Дамблдор заговорил, холодно и торопливо, будто стараясь спрятаться за словами. Поставить их, словно стену, между собой и собеседником:
— Мы защищаем его, потому что было важно обучить его, воспитать, дать ощутить свою силу…
Самое главное не раскрывать глаз, чтобы Северус ни о чем не смог догадаться.
— Чтобы подготовить к противостоянию с самым большим чудовищем нашего века.
— Вы сохранили Гарри жизнь, чтобы он мог умереть в нужный момент?
Пусть Северус ненавидит. Пусть чувствует себя обманутым. Ненависть придает сил. Если бы он, Альбус Дамблдор мог ненавидеть, может быть, ему не было бы так страшно?
Но кого ненавидеть? Волдеморта? Самого себя?
— Чему ты удивляешься, Северус? — спрашивает он.
Альбус намеренно старается казаться отстраненным. Зачем добавлять тяжести любимому ученику? Своему соратнику? Ведь и без того ноша тяжела.
— Сколько мужчин и женщин умерли у тебя на глазах, Север?
— В последнее время только те, кого мне не удалось спасти, — с несвойственной ему горячностью произносит Снейп. — Вы меня использовали.
Альбус хотел, чтобы Северус злился, но почему его слова так больно ранят?
— Я шпионил для вас, лгал ради вас. Подверг себя смертельной опасности. Сделал всё, чтобы защитить сына Лили Поттер. А теперь вы говорите, что выращивали его, как свинью на убой!
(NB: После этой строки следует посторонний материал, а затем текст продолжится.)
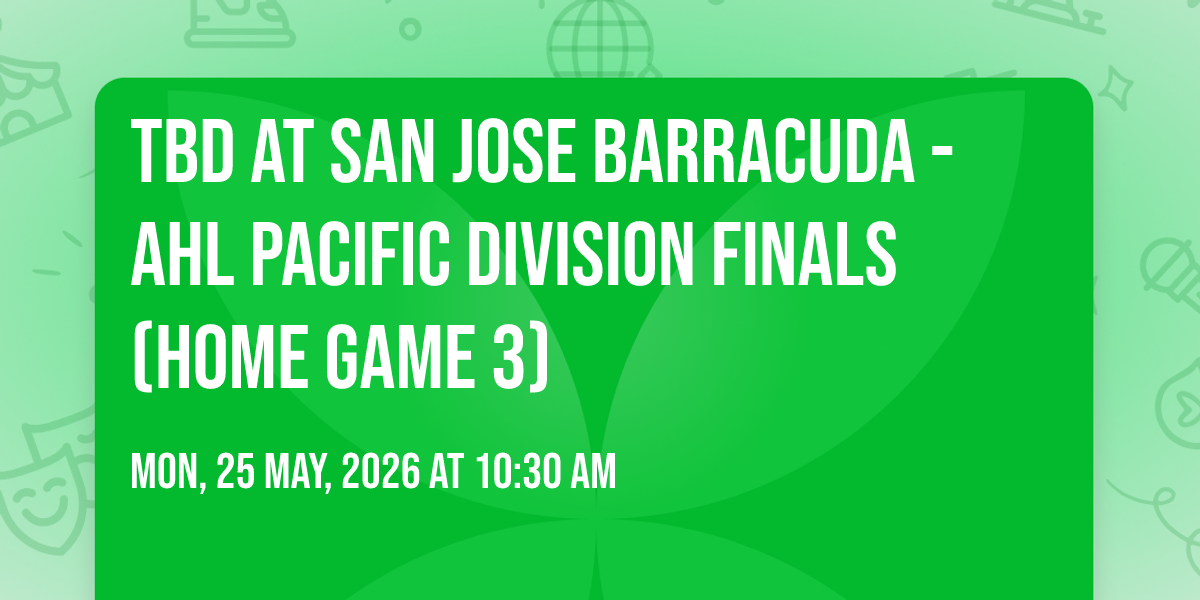 ๐ Location: 37.3184, -121.863๐ Be part of history at TBD at San Jose Barracuda - AHL Pacific Division Finals (Home Game 3), an extraordinary gathering that will captivate your imagination! ๐๏ธ The prestigious Tech CU Arena in San Jose, CA sets the stage for an unforgettable experience on May 25th, 2026 at 10:30 AM. โจ They are bringing together the finest elements of entertainment and innovation to create moments that will take your breath away. From the moment you arrive, you'll be immersed in an atmosphere of wonder and excitement. ๐ฏ This carefully planned event ensures every guest experiences something truly special. ๐ Early booking is recommended for this must-attend event of the season!

— Очень трогательно, Северус, — серьёзно сказал Дамблдор. — Ты уже привык заботиться о мальчике?
— О нём?! — закричал Снейп. — Экспекто Патронум!
Из кончика его палочки вырвалась серебряная лань. Она приземлилась на пол кабинета, один раз пробежалась по нему и выпрыгнула в окно.
Дамблдор смотрел, как она улетала, и когда её серебристое сияние исчезло, повернулся к Снейпу.
Глаза старика были полны слёз:
— Даже после всего, что случилось…?
— Всегда, — отрезал Снейп.
Ночь выдалась жаркой. Немудрено, ведь сейчас июль. Верхушка лета.
Пятнадцать лет! Долгие пятнадцать лет пролетели, словно секунда.
Альбус потянулся, извлекая из стола зеркало в овальной раме. То было непростое зеркало, как и всё в этой комнате. Магическая поверхность словно впитывала в себя образы тех, кто когда-то в него гляделся, пусть даже и мимоходом.
Впитывал для того, чтобы являть образ случайным любопытным взорам.
Лили Эванс предстала перед глазами старого директора Хогвартса такой, какой она была много-много лет назад.
Девушка обернулась. Взметнулись длинные густые волосы. Вовсе не алые и не огненно-рыжие, как их любят описывать многочисленные летописцы. Волосы Эванс были цвета опавшей листвы, её можно было бы назвать блондинкой. Огонь не так уж сильно пылал на хорошенькой головке — червленое золото, вот на что походили шелковистые пряди. Овальное лицо с довольно крупными, правильными чертами. Высокий лоб, нежные скулы, большие выразительные глаза; прозрачно, а не ярко-зелёные, как у её сына. Длинные пушистые ресницы; густые брови; живая, яркая, полная огня и лукавства улыбка.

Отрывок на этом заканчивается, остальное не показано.